JIT warmup, tiered recompilation, and GC pauses distort the timing — BenchmarkDotNet handles warmup and isolation so the number is meaningful

Q: Your test suite reports 95% code coverage. What does that actually guarantee?

That 95% of lines executed during the tests — nothing about whether the results were checked

Back in Phase 8 I told you dotnet test exists and runs your tests, then promised the real treatment later. This is later. You can now organize a project, pull in packages, and ship a build — but a project you can't prove works is a project you're shipping on faith, and a project you think is slow but never measured is a project you're about to optimize in the wrong place.

Here's the mental model to carry through this whole phase, and it's the same one good engineers reach for everywhere: stop operating on vibes. "It works" becomes a test you can run. "It's slow" becomes a number you can measure. "This function is the bottleneck" becomes a profile that points at the actual hotspot — which, more often than your ego would like, is somewhere you never suspected. C# and the .NET toolchain are unusually good at all three, and once you wire them in, correctness and performance stop being arguments and start being commands you run.

xUnit basics — your first real test

📝 Unit test. A small, automated check that exercises one piece of your code — usually one method — with known inputs and asserts the output is what you expect. "Unit" because it tests a unit in isolation, not the whole app wired together. You write it once; it runs forever, catching the day someone (often future-you) breaks that behavior.

.NET has three mainstream test frameworks — xUnit, NUnit, and MSTest — and they're more alike than different. NUnit is older and very capable; MSTest ships from Microsoft; xUnit is the de-facto default for new projects, and it's what most open-source .NET code you'll read uses. We'll use it. You scaffold a test project with dotnet new xunit, and it shows up as its own .csproj referencing the project under test.

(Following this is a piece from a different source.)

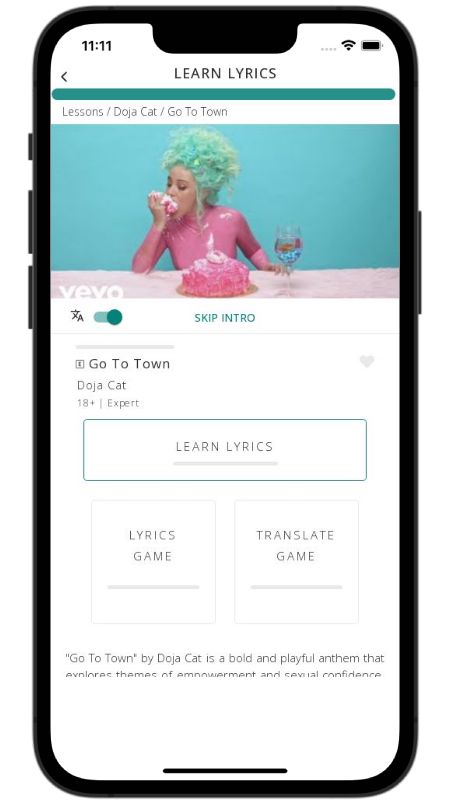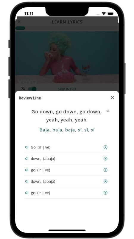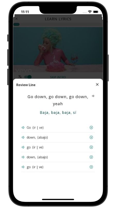 In addition to reading lyric translations, you can now learn English with music and lyrics from your favorite artists.

A test is a plain method tagged [Fact] — "a fact that should always be true." Inside, you follow the AAA shape: Arrange the inputs, Act by calling the thing, Assert the result. Say we're testing this method:

namespace Mathx;

public static class Calc
{
    public static int Clamp(int n, int min, int max)
    {
        if (n < min) return min;
        if (n > max) return max;
        return n;
    }

    public static int Divide(int a, int b) => a / b;
}

using Xunit;
using Mathx;

public class CalcTests
{
    [Fact]
    public void Clamp_BelowMin_ReturnsMin()
    {
        // Arrange
        int n = -5, min = 0, max = 10;

        // Act
        int result = Calc.Clamp(n, min, max);

        // Assert
        Assert.Equal(0, result);
    }

    [Fact]
    public void Divide_ByZero_Throws()
    {
        Assert.Throws<DivideByZeroException>(() => Calc.Divide(10, 0));
    }
}

$ dotnet test
Passed!  - Failed: 0, Passed: 2, Skipped: 0, Total: 2, Duration: 12 ms
  CalcTests.Clamp_BelowMin_ReturnsMin [PASS]
  CalcTests.Divide_ByZero_Throws [PASS]

What just happened: Each [Fact] method is one test the runner discovers automatically — you never register them. Clamp_BelowMin_ReturnsMin arranged its inputs, called Clamp, and used Assert.Equal(expected, actual) to demand the answer be 0. The second test used Assert.Throws<T>, which expects an exception: it runs the lambda, passes if the right exception type is thrown, and fails if no exception comes — that's how you test error paths without a try/catch of your own. dotnet test built the project, found both tests, ran them, and reported. The method names read like sentences (Method_Scenario_Expectation) on purpose: when one fails, the name alone tells you what broke.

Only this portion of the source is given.